POR QUIEN SUSPIRAN LAS OLAS

—Medusa.

Sorprendida, dejó caer el puñado de incienso sobre las llamas que bailaban

eternamente en la vasija de piedra. El débil susurro de las brasas se apagó cuando sus

ojos se posaron en la figura que se erguía ante ella. Asombrada, observó cómo el pie

cubierto por las tiras empapadas de una sandalia se posaba en el umbral del templo,

creando un charco de agua salada.

Él entró sin vacilar y caminó hacia ella rápidamente. Sus ojos eran dos mares

embravecidos, relucientes. Cuando llegó hasta ella, alargó una mano y acarició su

rostro.

—Medusa —dijo Poseidón, esbozando una sonrisa torcida—. La de las bellas

mejillas.

El gesto se le antojó siniestro.

Un empujón y cayó al suelo. Un golpe, otro, un súbito pinchazo cuando la

espada rasgó su túnica. Su rostro contra el frío mármol del suelo. No podía respirar, su

cuerpo aplastado bajo el peso del dios. El olor a sudor, a mar y a algas estuvo a punto de

hacerla vomitar. Sus manos la hicieron desear estar muerta. Y el dolor...

—Atenea —dijo, bajito, las lágrimas corriendo por sus mejillas. La primera

embestida fue tan violenta que creyó ser incapaz de soportar más dolor. La siguiente fue

la agonía. Después, Medusa dejó de contarlas.
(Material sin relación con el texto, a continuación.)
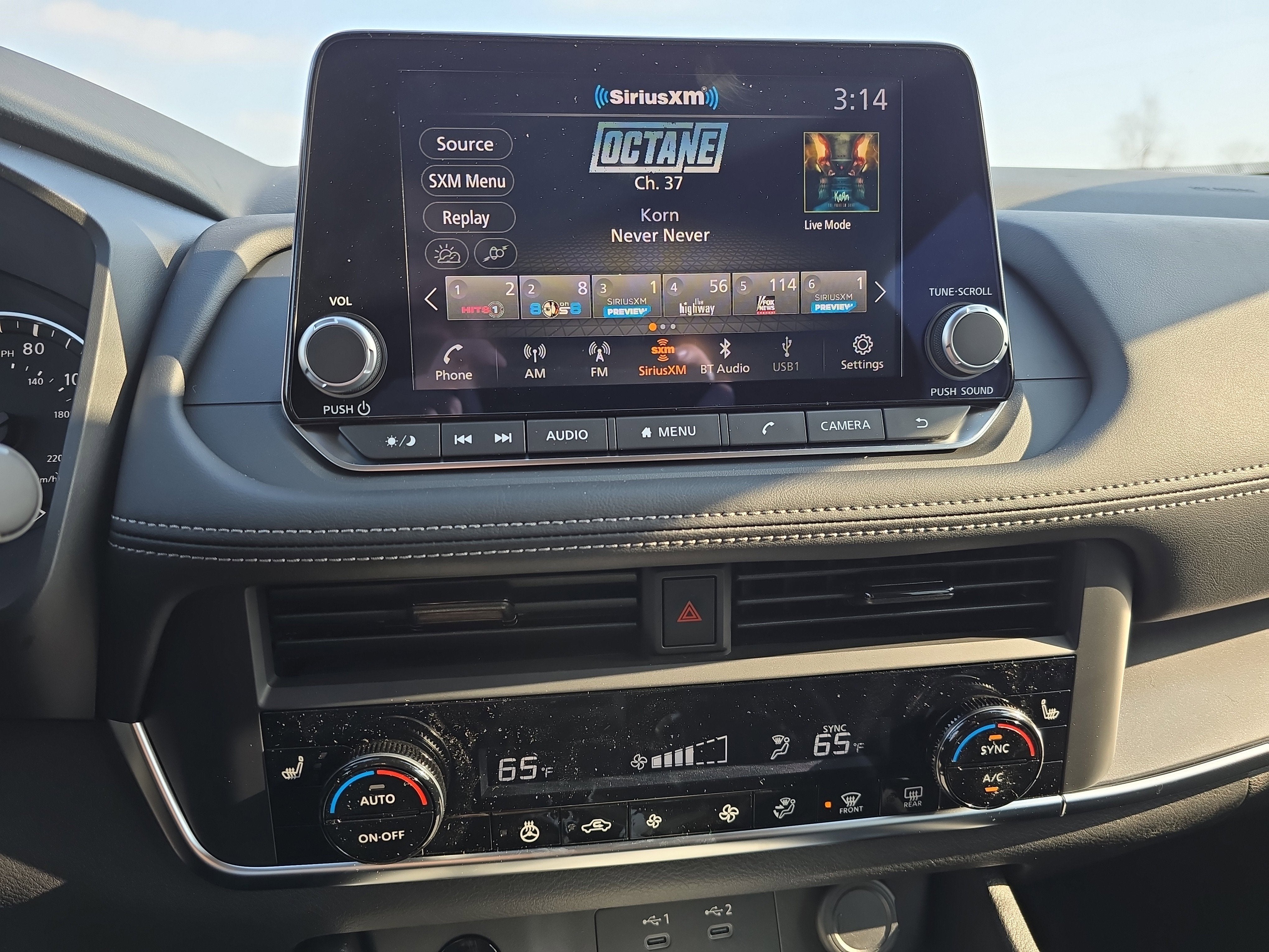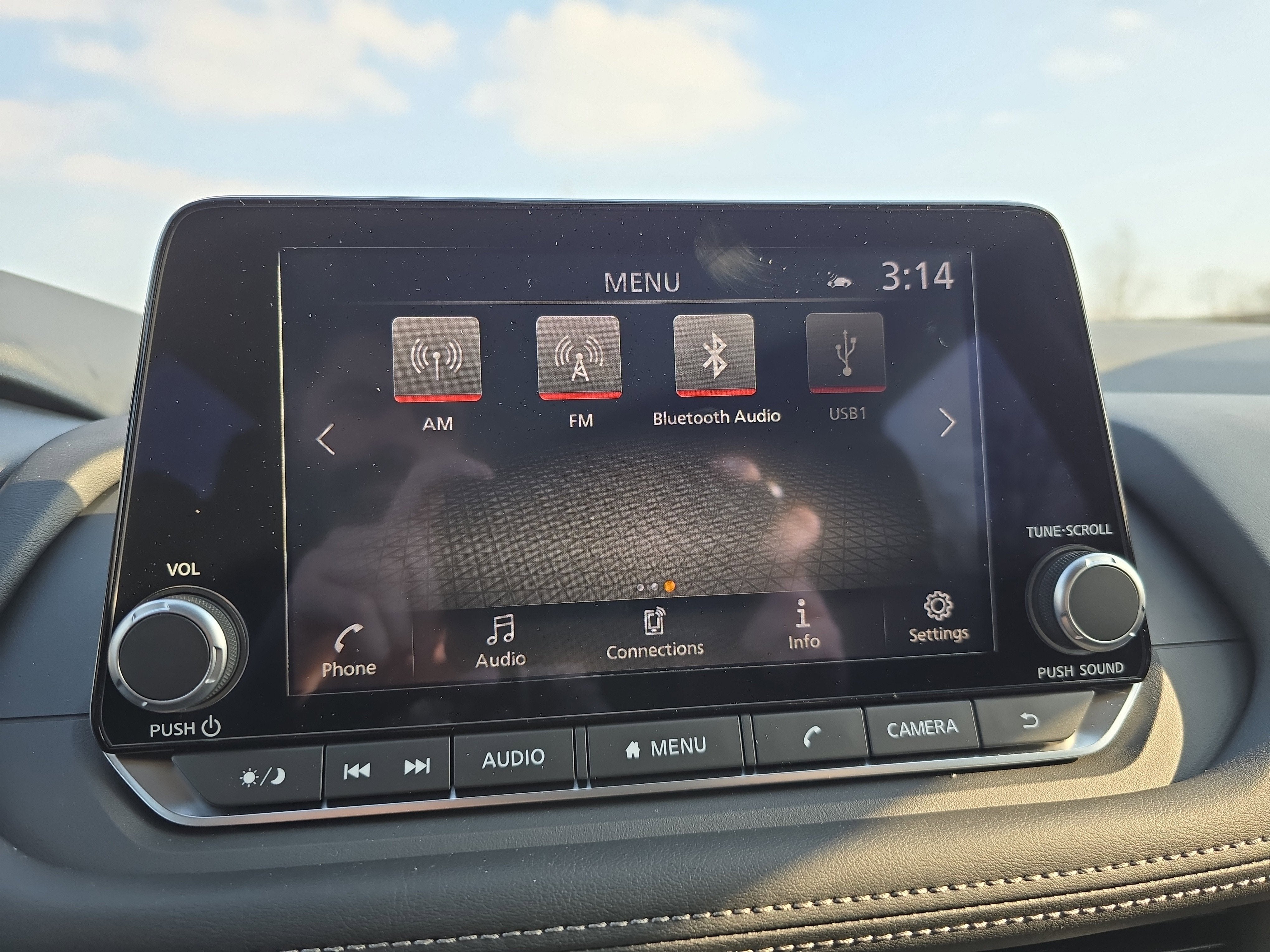 - Radio: AM/FM NissanConnect -inc: 6 speakers plus 2 tweeters, Apple CarPlay, Android Auto, 8" color touch screen display, Bluetooth®, 2 front USB type-C, Wi-Fi hotspot and NissanConnect Services powered by SiriusXM

Se mordió el labio, sollozando en

silencio, sin atreverse a moverse, a gritar, a hacer nada salvo quedarse inmóvil, mientras

el dios del mar clavaba los dedos en sus caderas cada vez que penetraba en ella.

Medusa se hundió los dedos en los brazos y rezó por poder morir, porque la

estatua de su diosa fuese lo último que vieran sus ojos. Poseidón la agarró del pelo, y

Medusa levantó la cara surcada de lágrimas hacia el rostro pétreo de Atenea. Entonces

él gritó y se desplomó sobre ella.

—Atenea... —Medusa extendió la mano hacia la estatua buscando algo a lo que

asirse, algo que la sacase de aquella pesadilla y la dejase refugiarse en el fondo de su

mente enloquecida.

La diosa le devolvió la mirada.

Medusa fue incapaz de apartar la mirada de los ojos inclementes de Atenea. La

diosa, tan furiosa que su cabello crepitaba, abrió la boca, y de sus labios brotaron

palabras que se clavaron en el alma de Medusa como dagas envenenadas:

—Has profanado mi templo —dijo, iracunda.

Medusa gritó de agonía cuando su rostro comenzó a arder, la carne

deshaciéndose como cera bajo la mirada incandescente de su diosa. Cayó al suelo

temblando tan violentamente que pensó que Atenea estaba robándole no sólo la vida

sino también el alma. Cerró los párpados, aterrada, sintiendo cómo sus ojos se derretían

en las cuencas. Los músculos de su cuerpo aullaron de dolor, los tendones se rompieron

con un chasquido seco que resonó como una risa siniestra.

Cuando abrió los ojos estaba sola.

Llorando amargamente, trató de incorporar su cuerpo dolorido, pero sólo pudo

arrastrarse hasta el pórtico, dejando tras de sí un camino de sangre y lágrimas, mientras

sus quedos sollozos coreaban los suaves siseos de sus cabellos.